Exercise inputs:
#####

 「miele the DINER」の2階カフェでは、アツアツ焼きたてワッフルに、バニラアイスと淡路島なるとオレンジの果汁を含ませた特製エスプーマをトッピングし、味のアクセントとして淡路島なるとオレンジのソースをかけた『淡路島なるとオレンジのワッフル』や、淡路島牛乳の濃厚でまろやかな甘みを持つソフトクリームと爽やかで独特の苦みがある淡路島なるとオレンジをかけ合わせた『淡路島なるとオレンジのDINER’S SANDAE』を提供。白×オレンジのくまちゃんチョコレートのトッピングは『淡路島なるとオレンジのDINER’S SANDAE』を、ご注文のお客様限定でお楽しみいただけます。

#####

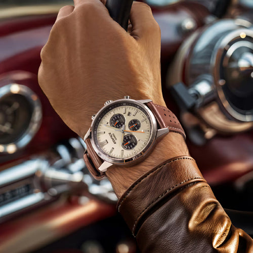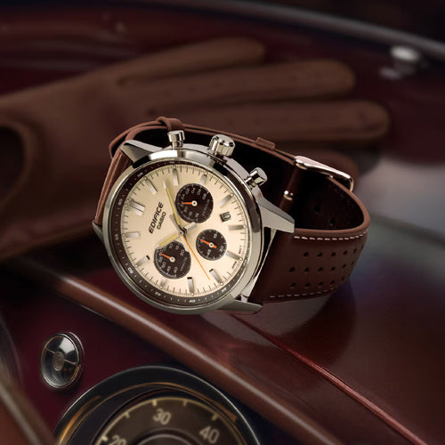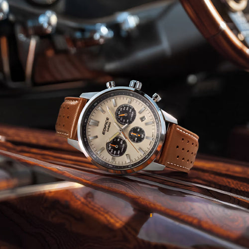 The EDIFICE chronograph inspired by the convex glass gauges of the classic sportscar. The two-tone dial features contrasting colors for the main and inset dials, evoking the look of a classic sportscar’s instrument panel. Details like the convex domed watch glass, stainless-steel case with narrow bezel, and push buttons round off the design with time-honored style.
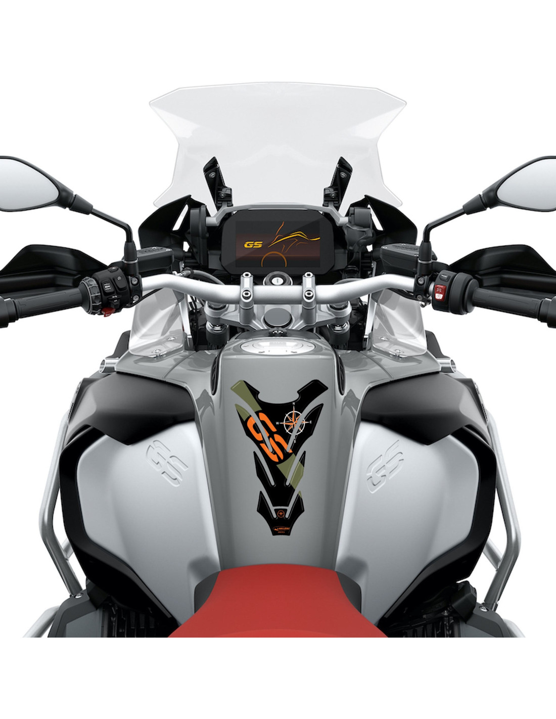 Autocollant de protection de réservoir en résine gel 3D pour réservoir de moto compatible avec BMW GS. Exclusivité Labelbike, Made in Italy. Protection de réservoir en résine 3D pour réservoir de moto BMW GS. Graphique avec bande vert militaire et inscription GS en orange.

#####

Task requirements: Among the entries above, take the line with "The EDIFICE chronograph", the line with "Autocollant de protection", and all the lines between them, and restate them word for word without pictures.

Reply:
 The EDIFICE chronograph inspired by the convex glass gauges of the classic sportscar. The two-tone dial features contrasting colors for the main and inset dials, evoking the look of a classic sportscar’s instrument panel. Details like the convex domed watch glass, stainless-steel case with narrow bezel, and push buttons round off the design with time-honored style.
 Autocollant de protection de réservoir en résine gel 3D pour réservoir de moto compatible avec BMW GS. Exclusivité Labelbike, Made in Italy. Protection de réservoir en résine 3D pour réservoir de moto BMW GS. Graphique avec bande vert militaire et inscription GS en orange.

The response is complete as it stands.